To display trace data collected through the MyScale Telemetry from the LLM Application runtime easily and clearly, we also provide a [Grafana Trace Dashboard](https://github.com/myscale/myscale-telemetry/blob/main/dashboard/grafana_myscale_trace_dashboard.json).
The dashboard allows users to monitor the status of the LLM Application which is similar to LangSmith, making it easier to debug and improve its performance.

### Requirements

* [Grafana](https://grafana.com/grafana)
* [Official ClickHouse data source for Grafana](https://grafana.com/grafana/plugins/grafana-clickhouse-datasource/)
* A compatible database instance. MyScale Telemetry supports [MyScaleDB](https://github.com/myscale/MyScaleDB), [MyScale Cloud](https://myscale.com/), and ClickHouse.

### Set up the Trace Dashboard

Once you have Grafana, installed the ClickHouse data source plugin, and have a MyScale cluster with trace data collected through MyScale Telemetry, follow these steps to set up the MyScale Trace Dashboard in Grafana:

1. **Add a new ClickHouse Data Source in Grafana:**

   In the Grafana Data Source settings, add a new ClickHouse Data Source. Enter the Server Address, Server Port, Username, and Password to match those of your MyScale Cloud/MyScaleDB.
   ![data_source](./assets/add_data_source.png)
   ![config_data_source](./assets/config_data_source.png)

2. **Import the MyScale Trace Dashboard:**

   Once the ClickHouse Data Source is added, you can import the [MyScale Trace Dashboard](https://github.com/myscale/myscale-telemetry/blob/main/dashboard/grafana_myscale_trace_dashboard.json).

   ![import_dashboard](./assets/import_dashboard.png)

3. **Configure the Dashboard:**

   After importing, select the MyScale Cluster (ClickHouse Data Source Name), the database name, table name, and TraceID of the trace you want to analyze.
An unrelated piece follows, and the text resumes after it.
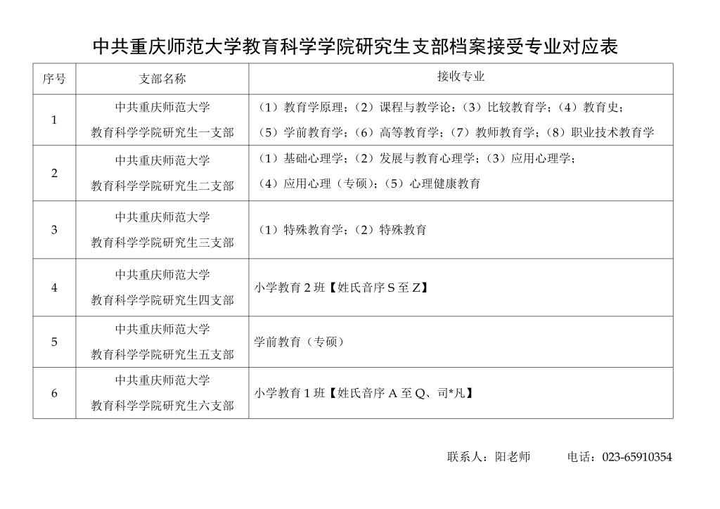 学院研究生党支部档案接受专业对应表

The dashboard will then display the Traces Table and the Trace Details Panel of the selected trace.

   ![trace_dashboard_overview](./assets/dashboard.png)

The MyScale Trace Dashboard provides comprehensive insights into the runtime behavior of your LLM applications, similar to LangSmith. It displays critical information that helps in debugging, optimizing, and understanding the performance of your applications.